Disentangling Exploration from Exploitation

Alessandro Lizzeri,Eran Shmaya,Leeat Yariv
2024-04-30
Abstract:Starting from Robbins (1952), the literature on experimentation via multi-armed bandits has wed exploration and exploitation. Nonetheless, in many applications, agents' exploration and exploitation need not be intertwined: a policymaker may assess new policies different than the status quo; an investor may evaluate projects outside her portfolio. We characterize the optimal experimentation policy when exploration and exploitation are disentangled in the case of Poisson bandits, allowing for general news structures. The optimal policy features complete learning asymptotically, exhibits lots of persistence, but cannot be identified by an index a la Gittins. Disentanglement is particularly valuable for intermediate parameter values.

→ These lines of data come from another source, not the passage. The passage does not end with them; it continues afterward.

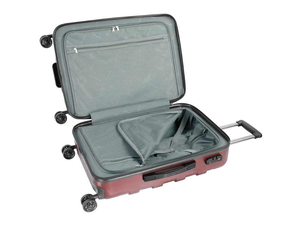 ЧЕМОДАН GALATEA Galatea - наша неповторимая серия чемоданов с рельефно нанесённым на корпус большим логотипом Bugatti. Вся товарная линейка представлена в классическом черном и бордовом цветах. Благодаря корпусу, сделанному из смеси АБС-пластика и поликарбоната, каждая модель отличается лёгким весом и повышенной прочностью. Четыре резиновых колеса с бесшумным ходом и возможностью поворота на 360° обеспечивают ровное движение. Лёгкая телескопическая ручка эргономичной формы фиксируется в нескольких положениях для удобства пользователей с разным ростом. Замок TSA с трехзначным кодом идеально подходит для защиты содержимого багажа от несанкционированного вскрытия. Дополнительная ручка на дне корпуса облегчает загрузку и выгрузку чемодана. Сетчатые разделительные стенки на молнии растягиваются для удобства упаковки, а фиксирующие ремни охватывают большую поверхность и обеспечивают сохранность сложенных вещей. СВОЙСТВА Внутренняя организация: основное отделение на молнии с 2 отсеками, 2 сетчатыми перегородками на молнии и фиксирующими ремнями Внешняя организация: телескопическая ручка, кодовый замок TSA, 4 двойных колеса, боковая ручка, ручка на дне Размер: 46 x 27,5 x 67 см Объём: 65 л Вес: 3,62 кг Материал: поликарбонат / АБС-пластик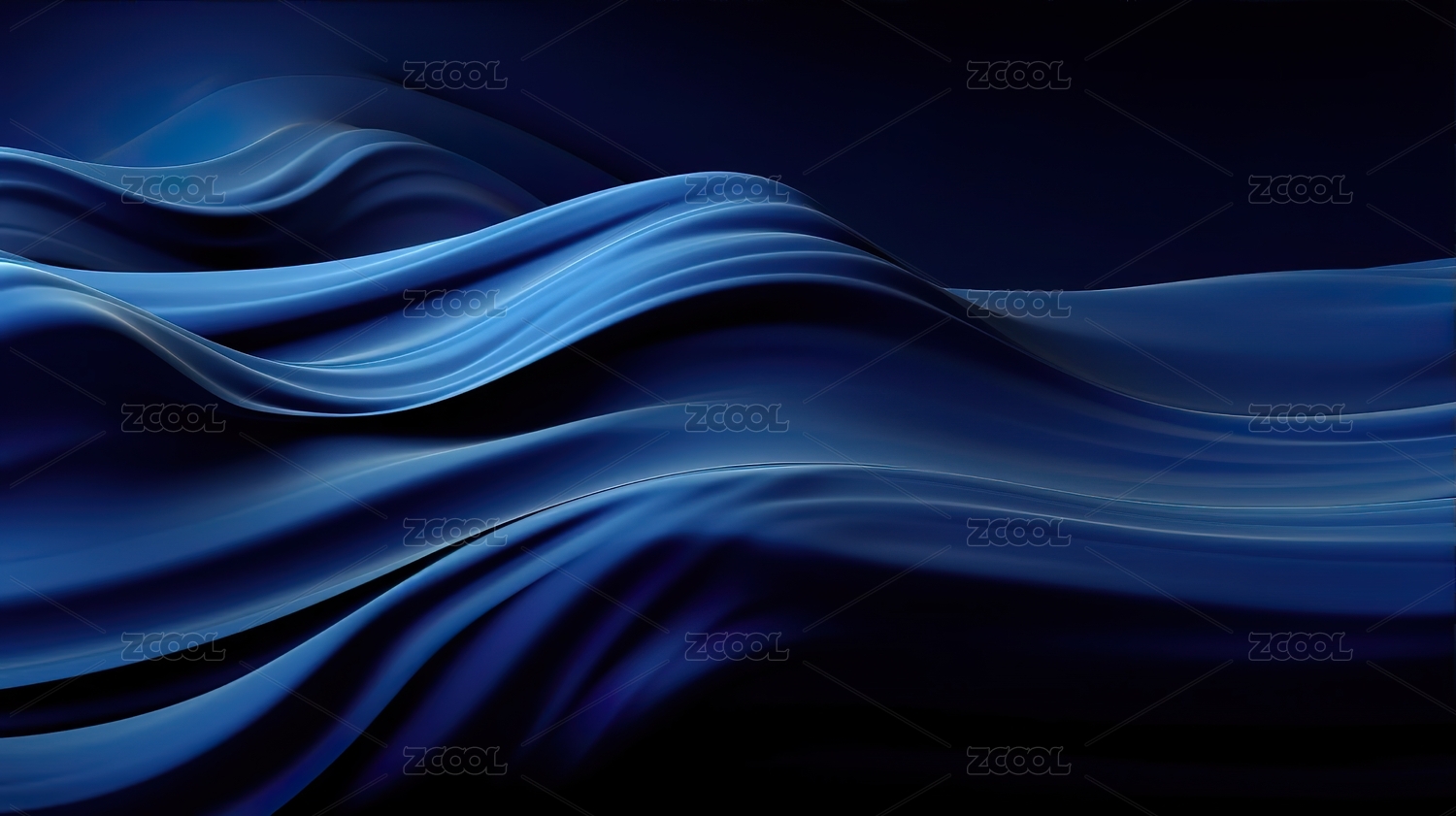 深蓝色丝绸般波浪抽象背景图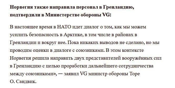 🗞️Норвегия направила двух военнослужащих в Гренландию для помощи в обеспечении безопасности острова на фоне заявлений и угроз со стороны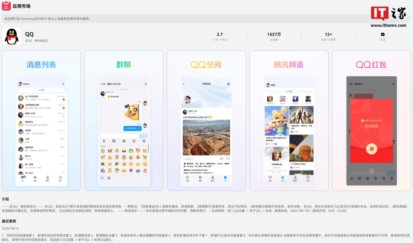 QQ 鸿蒙版 App 于去年 10 月上架 HarmonyOS NEXT 华为应用市场 App Gallery 尝鲜专区,当前版本号为 9.1.75(正式版本),安装量突破 1527 万、获 1.7 万个评分(评分 2.7),已支持单聊、群聊、多人语音或视频通话、抢红包,刷空间好友动态、短视频、频道、扫一扫、手机 / 平板双端登录等功能,官方称其他功能正在持续迭代中。
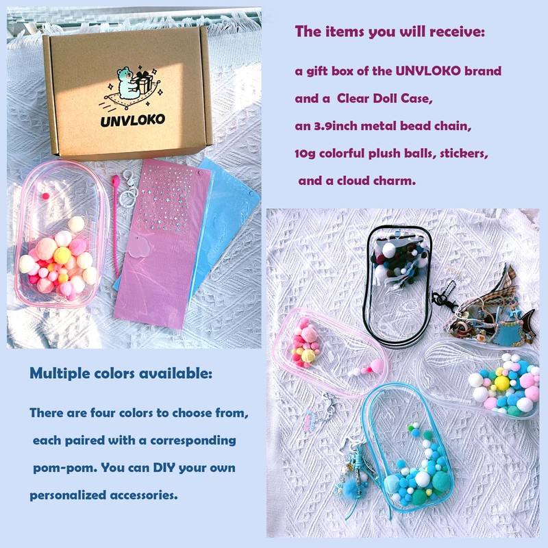 - 1.Complete Collectible Display Case The perfect display case for 17cm doll figures (measuring 19cm/7.5×4.2in). It includes a metal keychain clip, an 3.9inch metal bead chain, 10g colorful plush balls, stickers, and a cloud charm—an ideal storage solution for blind box collectibles!

Theoretical Economics,Computer Science and Game Theory
What problem does this paper attempt to address?
The paper discusses the problem of separating exploration and exploitation in multi-armed bandit experiments. Traditional models combine the two, but in practice, decision-makers may independently evaluate different choices. The paper studies the case of separating exploration and exploitation using the Poisson bandit model, analyzes optimal experimental strategies, and points out that this separation is particularly beneficial under certain parameter values. The strategies include complete learning and substantial persistence, but cannot be identified by a similar method as the Gittins index. The paper also discusses scenarios of complete separation and partial separation, demonstrating the balance between exploration and exploitation under different information structures.